■ AVAILABLE RECORDS
*** Begin section ***
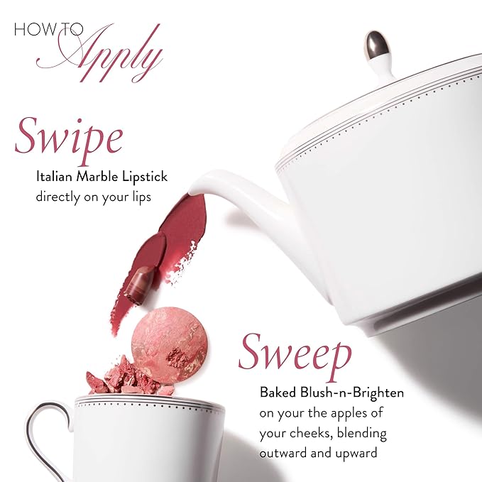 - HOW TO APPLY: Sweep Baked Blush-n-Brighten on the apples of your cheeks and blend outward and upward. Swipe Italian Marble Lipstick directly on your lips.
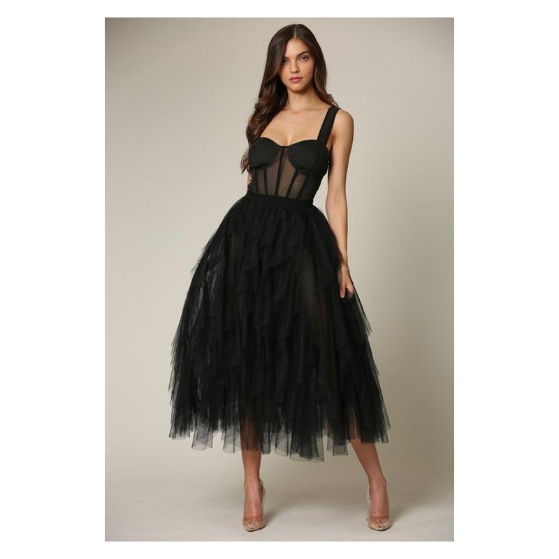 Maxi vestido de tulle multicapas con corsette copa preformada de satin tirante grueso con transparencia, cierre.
*** End section ***
*** Begin section ***
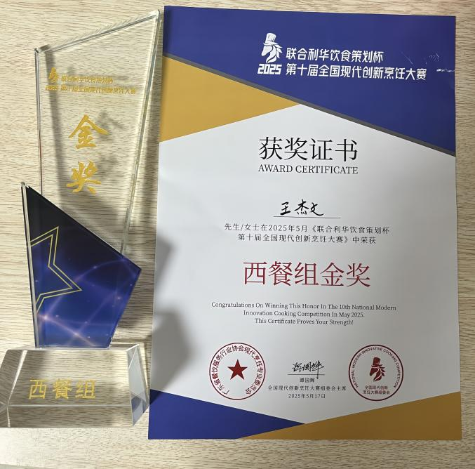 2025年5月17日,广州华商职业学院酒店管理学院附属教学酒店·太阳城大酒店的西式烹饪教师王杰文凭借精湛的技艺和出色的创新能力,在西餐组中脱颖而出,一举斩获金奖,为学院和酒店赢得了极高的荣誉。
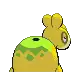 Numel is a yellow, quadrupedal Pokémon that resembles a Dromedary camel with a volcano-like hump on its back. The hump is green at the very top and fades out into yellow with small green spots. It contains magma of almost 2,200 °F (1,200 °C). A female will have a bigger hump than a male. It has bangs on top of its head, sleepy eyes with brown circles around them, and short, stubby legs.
*** End section ***
■ ASSIGNMENT
With the pictures omitted, copy the entries above exactly from the line containing "- HOW TO APPLY: Sweep" through the line containing "Maxi vestido de", both lines included.

■ WRITTEN SOLUTION
 - HOW TO APPLY: Sweep Baked Blush-n-Brighten on the apples of your cheeks and blend outward and upward. Swipe Italian Marble Lipstick directly on your lips.
 Maxi vestido de tulle multicapas con corsette copa preformada de satin tirante grueso con transparencia, cierre.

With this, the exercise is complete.